Unexpected result with splat operator

Question

I have a hash, whose values are an array of size 1:

hash = {:start => [1]}

I want to unpack the arrays as in:

hash.each_pair{ |key, value| hash[key] = value[0] } # => {:start=>1}

and I thought the *-operator as in the following would work, but it does not give the expected result:

hash.each_pair{ |key, value| hash[key] = *value } # => {:start=>[1]}

Why does *value return [1] and not 1?

Answer 1

Because the []= method applied to hash takes only one argument in addition to the key (which is put inside the [] part), and a splatted/expanded array, which is in general a sequence of values (which coincidentally happens to be a single element in this particular case) cannot be directly accepted as the argument as is splatted. So it is accepted by the argument of []= as an array after all.

In other words, an argument (of the []= method) must be an object, but splatted elements (such as :foo, :bar, :baz) are not an object. The only way to interpret them as an object is to put them back into an array (such as [:foo, :bar, :baz]).

Using the splat operator, you can do it like this:

hash.each_pair{|key, value| hash.[]= key, *value}

Answer 2

sawa and Ninigi already pointed out why the assignment doesn't work as expected. Here's my attempt.

Ruby's assignment features work regardless of whether you're assigning to a variable, a constant or by implicitly invoking an assignment method like Hash#[]= with the assignment operator. For the sake of simplicity, I'm using a variable in the following examples.

Using the splat operator in an assignment does unpack the array, i.e.

a = *[1, 2, 3]

is evaluated as:

a = 1, 2, 3

But Ruby also allows you to implicitly create arrays during assignment by listing multiple values. Therefore, the above is in turn equivalent to:

a = [1, 2, 3]

That's why *[1] results in [1] - it's unpacked, just to be converted back to an array.

Elements can be assigned separately using multiple assignment:

a, b = [1, 2, 3]
a #=> 1
b #=> 2

or just:

a, = [1, 2, 3]
a #=> 1

You could use this in your code (note the comma after hash[key]):

hash = {:start => [1]}
hash.each_pair { |key, values| hash[key], = values }
#=> {:start=>1}

But there's another and more elegant way: you can unpack the array by putting parentheses around the array argument:

hash = {:start => [1]}
hash.each_pair { |key, (value)| hash[key] = value }
#=> {:start=>1}

The parentheses will decompose the array, assigning the first array element to value.

Answer 3

Because Ruby is acting unexpectedly smart here.

True, the splash operator will "fold" and "unfold" an array, but the catch in your code is what you do with that fanned value.

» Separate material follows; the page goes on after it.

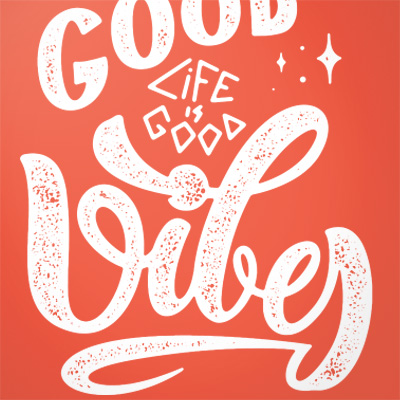 "Life is Good" T-shirt design featuring typography style quote, with distressed details. The files available are suitable for Adobe Illustrator and Adobe Photoshop and can be used for digital printing and screenprinting.
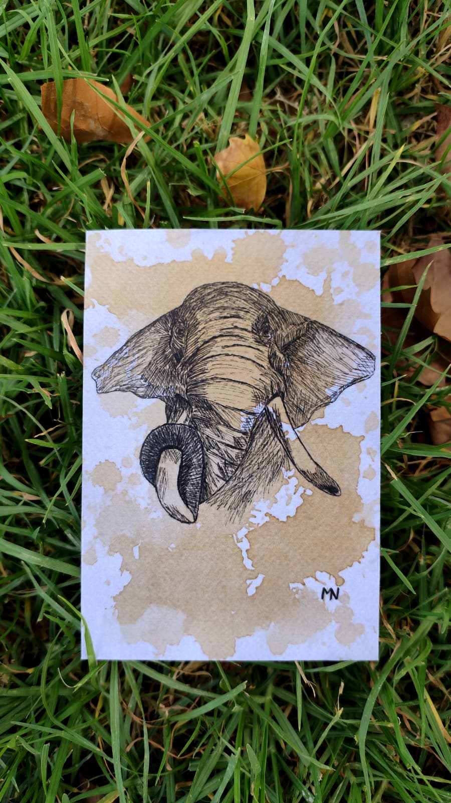Lámina realizada en café y delineador negro que captura la majestuosidad del elefante, uno de los animales más impresionantes y admirados del mundo. Su presencia poderosa y serena se refleja en cada trazo, resaltando la grandeza y la nobleza de esta especie.

Take this code into account:

array = ['a', 'b']
some_var = *array
array # => ['a', 'b']

As you can see the splat operator seemingly does nothing to your array, while this:

some_var, some_other_var = *array
some_var # => "a"
somet_other_var # => "b"

Will do what you'd expect it does.

It seems ruby just "figures" if you splat an array into a single variable, that you want the array, not the values.

EDIT: As sawa pointed out in the comments, hash[key] = is not identical to variable =. []= is an instance Method of Hash, with it's own C-Code under the hood, which COULD (in theory) lead to different behaviour in some instances. I don't know of any example, but that does not mean there is none. But for the sake of simplicity, we can asume that the regular variable assignment behaves exactly identical to hash[key] =.